At the beginning of this year, Shell shut down operations at its Forcados terminal following pipeline attacks that threw its 100,000 barrel-per-day production offline.

Once again, militant violence in the Niger Delta has prompted the region's largest foreign oil company to concede it cannot meet output expectations.

Two pipelines were reportedly bombed in Nigeria earlier this week by armed militants intent on disrupting production by the leading foreign oil producer in the volatile West African country.

Leading militant group the Movement for the Emancipation of the Niger Delta claimed responsibility for the attacks Monday.

The bombings prompted the Shell oil company to declare a force majeure on exports from those pipelines, though officials for the company said they were "working hard to repair the line and restore production."

This week's attack and subsequent shutdown came during a period of increased violence by militants in the delta. Shell also has been the target of militant violence earlier in the year, as well as numerous times in 2007.

At the beginning of this year, Shell shut down operations at its Forcados terminal following pipeline attacks that threw its 100,000 barrel-per-day production offline. The terminal had already been shut once before because of violence and reopened in October 2007 after more than a year of halted production. Since its reopening, the facility, which can produce some 450,000 barrels per day, had been operating at a fraction of its capacity.

In July 2007 a leading Nigerian activist group called on Shell to shut one of its pipelines, saying the company has done little to control the fires that burned for several weeks.

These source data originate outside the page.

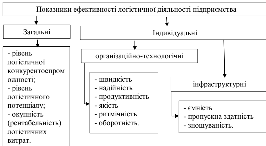
Рис. 2. Показники оцінки ефективності логістичної діяльності підприємства
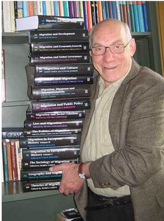
(Robin Cohen) [ Permalink ]

Ο Robin Cohen γεννήθηκε το 1944 στο Γιοχάνεσμπουργκ και είναι ομότιμος καθηγητής Αναπτυξιακών Μελετών και πρώην διευθυντής του Διεθνούς Ινστιτούτου Μετανάστευσης του Πανεπιστημίου της Οξφόρδης (Oxford). Ήταν καθηγητής της Κοινωνιολογίας στο Πανεπιστήμιο Γουόρικ (Warwick) για πολλά χρόνια και διατηρεί επίτιμη θέση αξιώματος καθηγητή στο εν λόγω Πανεπιστήμιο. Υπηρέτησε ως κοσμήτορας Ανθρωπιστικών Επιστημών του Πανεπιστημίου του Κέιπ Τάουν (Cape Town, 2001-3) και σε εθνικό επίπεδο συντόνισε το Βρετανικό Κέντρο Έρευνας Εθνοτικών Σχέσεων στο Γουόρικ (Warwick, 1985-9). Είχε, επίσης, πραγματοποιήσει συναντήσεις (πλήρες ωράριο) με τα Πανεπιστήμια Ιμπατάν (Ibadan), Μπέρμιγχαμ (Birmingham), Δυτικών Ινδιών (West Indies), Στάνφορντ (Stanford), Τορόντο (Toronto) και Μπέρκλεϊ (Berkeley).
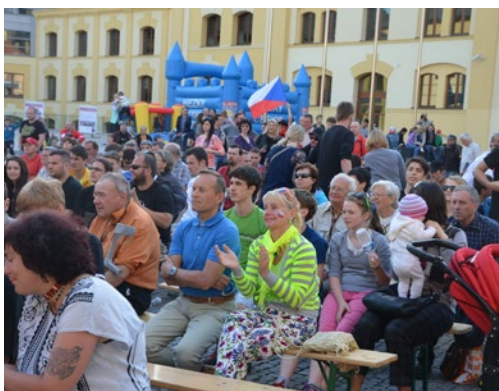
▲ Příznivců hokeje se sešlo opravdu hodně
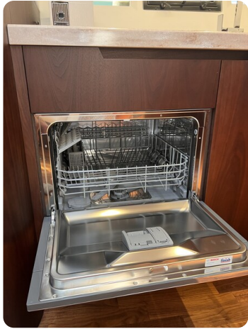
Galeon 485 HTS dishwasher
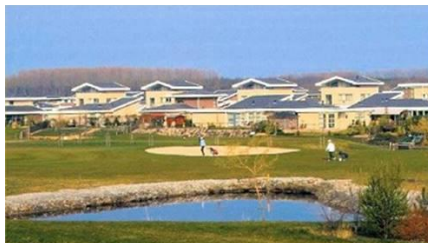
Bewonersvereniging Flevo Golf Resort
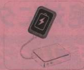
モバイルバッテリー (リチウムイオン電池)
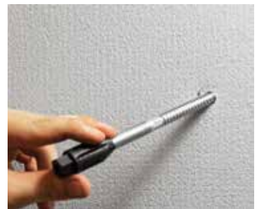
Einsetzen des Dübels Thermax 8/60 in das Bohrloch
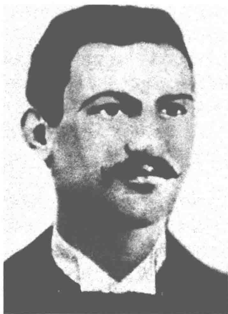
盖塔诺·布雷西，刺杀翁贝托一世的无政府主义者。
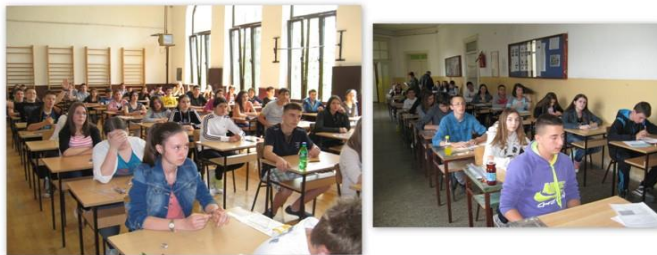
ПРОВНИ ЗАВРШНИ ИСПИТ - АПРИЛ 2015.

У свим основним школама на територији Републике Србије ученици осмог разреда, 24.04.2015. године (петак), у 12 часова, у оквиру пробног завршног испита полагали тест из математике, док су 25.04.2015. године (субота), у 9 часова, полагали тест из српског/матерњег језика, а у 11:30 часова комбиновани тест (биологија, географија, историја, физика и хемија).

"I think this is yet another indicator why there is greater need for transparency in the oil sector," said Emira Woods, co-director of Foreign Policy in Focus at the Institute of Policy Studies, who also expressed skepticism about the validity of the report.

MEND and other militant groups have been blamed for hundreds of kidnappings. Increased violence against oil operations in the delta has caused significant drops in the country's oil output, according to the Nigerian government and independent accounts. Before militants and other armed groups stepped up hostilities in the Niger Delta beginning in late 2005, Nigeria produced about 2.5 million barrels per day. Since then, production reportedly has decreased by at least 20 percent, perhaps even by one-third, some analysts warn.

Since the 1970s, Nigeria, Africa's No. 1 oil producer, has pumped more than $300 billion worth of crude from the southern delta states, according to estimates. High unemployment in the delta, environmental degradation due to oil and gas extraction, and a lack of basic resources such as fresh water and electricity have angered the region's youth, who have taken up arms, many times supplied by political leaders, and formed militant groups and local gangs.

In what some characterized as a desperation move by the Nigerian government, the state-run Nigerian National Petroleum Corp. admitted last week to paying armed militant groups $12 million in protection money.

While the payoff to the militants was widely condemned in Nigerian political circles, it wasn't the first time armed gunmen in the delta have been offered cash by the government to end their armed assaults on the oil and gas industry.

In May, the Nigerian government announced it intends to employ the very same militants often blamed for attacks on oil installations in the Niger Delta to guard the region's oil pipelines.

In a surprising and certainly controversial move, defense officials said they would negotiate a possible protection agreement with militants.

"We will engage them to police oil pipelines, but they must first form themselves into limited liability companies for us to discuss with them," Nigerian Defense Minister Yayale Ahmed said at the time.